(no title)
johnthuss | 1 year ago
But I would disagree with the takeaway to focus on optimizing your indexes and not your tables. The reason is that the order of columns in a multi-column index is highly meaningful and intentional in order to support match on a range of values for the last column in the index. The way databases work you can only utilize a multi-column index on (customer_id int4, date timestamp) if have an equality match on customer_id, like "WHERE customer_id = 1 AND BETWEEN '2024-01-01' and '2025-01-01'". If you reorder these columns in the index to put the larger date column first, then, sure, you save space in the index, but you also make it worthless – it will never be used by the query above. As such, optimizing a multi-column index is only useful when all the columns are queried for equality rather than a range.
In contrast, when you are creating a NEW table you might not think hard about the order of the columns in the table, and especially not about the data-sizes of each column and their alignment. But doing so at the time you create the table can be tremendously beneficial if it is going to be very large. It is important to note that you not only save space on-disk, but in precious RAM when the tuples are loaded.
rand_r|1 year ago
It's not as fast as a multi-column index, but the savings of not having to worry about all the combinations of columns that can be queried together could well be worth it.
- https://www.postgresql.org/docs/release/8.1.0/
- https://www.postgresql.org/docs/current/indexes-bitmap-scans...
williamdclt|1 year ago
On small/medium tables and lowish throughout though, yeah it’s often good enough and avoids having many indexes for specific use cases (which is a cost in itself, in memory/cpu/storage)
Pamar|1 year ago
1) https://en.wikipedia.org/wiki/FoxPro
It is difficult to find a complete explanation for Rushmore nowadays, from what I remember, it would create a bitmap where each bit represented the nth record of the table you wanted to search, then with a single, fast sequential scan it would set the nth bit to 1 if the record satisfied all clauses of your search, 0 otherwise.
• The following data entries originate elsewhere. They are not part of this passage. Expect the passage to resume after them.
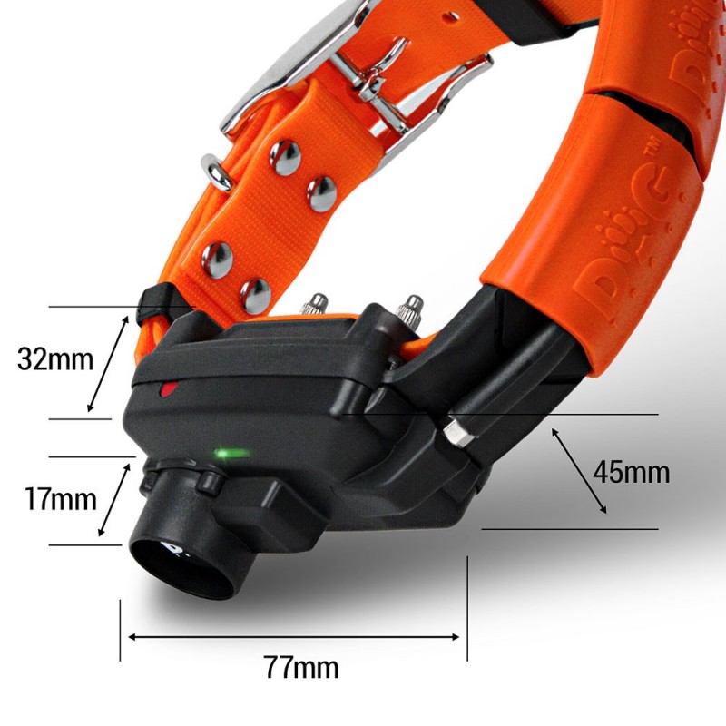 Collar transmisor. Medidas caja electrónica: 77 x 45 x 49 mm. Peso: 172 g (sin correa) Antena flexible de 30 cm.
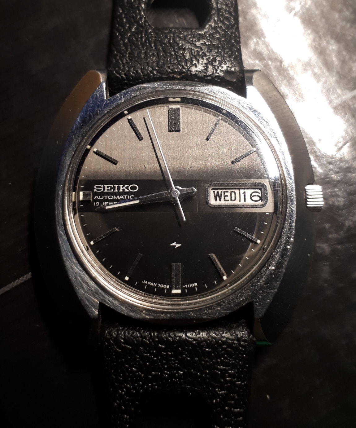 I must say, this deep dark blue enamel dial - with the lacquered off white hands and Roman numerals ...and the golden crescent moon second hand counterweight..is simply gorgeous... I can stare at this Seiko all day. Pictures don’t even tell the story. One has to have it on. Sometimes the dial looks wet , others times matte with a pebbly surface. Color varies in many shades of dark blue ...I like the way the enamel dimples at both the center of the dial and around the date window- Gives great depth to the whole dial. Yeah I know it’s not Seikos best movement - and the exhibition caseback is no big deal - still this watch is ( for blue dial) fans something to drool over. The seller Threw it on a dove-grey calfskin strap from Molequin...I like the contrast.
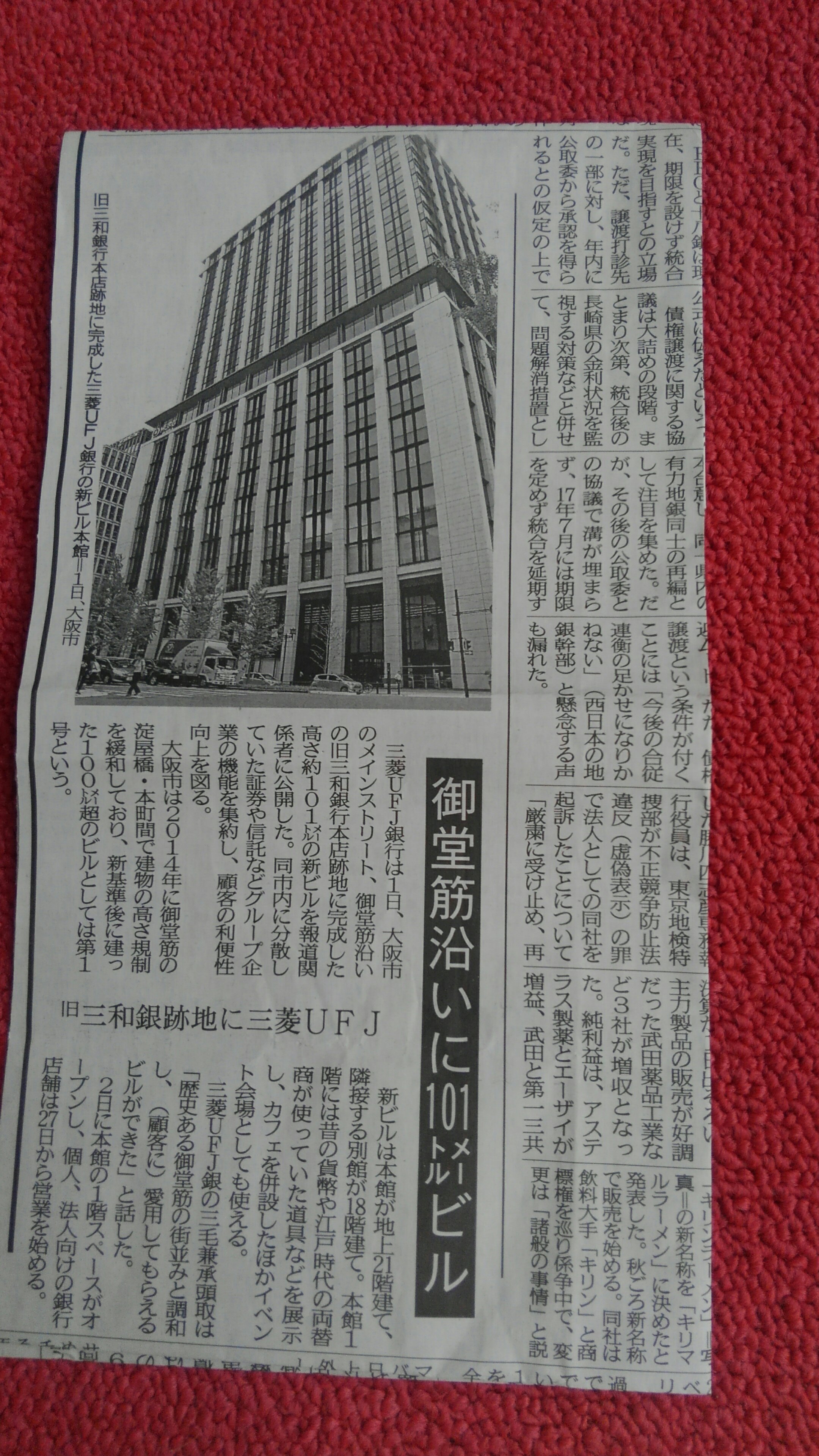 8月の新聞で御堂筋沿いの旧三和銀行本店跡地に新ビルが完成したとの記事がありました。

Try to see if this makes any sense to you: http://www.foxpert.com/docs/howfoxproworks.en.htm
qazxcvbnm|1 year ago
jeltz|1 year ago
https://www.postgresql.org/message-id/CAH2-Wzmn1YsLzOGgjAQZd...
johnthuss|1 year ago
It's great this is improving, but this is a fairly narrow improvement. Personally, the multi-column indexes I use would not be improved by this change since column 'a' does not store a "reasonably small" distribution of values.
sgarland|1 year ago
While the query will take much longer (for me, it was about 47 msec vs 0.6 msec for 2,000,000 rows), it still uses the index.
Similarly, while normally you wouldn’t expect a query using predicate Y to use an index defined on columns (X, Y, Z) if predicate X is also not referenced, Postgres may choose to do so, depending on table stats, and the relative difference between random_page_cost and seq_page_cost. I’ve seen it happen before.
ghusbands|1 year ago
> While the query will take much longer (for me, it was about 47 msec vs 0.6 msec for 2,000,000 rows), it still uses the index.
I'd argue that something being 78x slower can make it pretty useless, but it is indeed at least used, in some cases.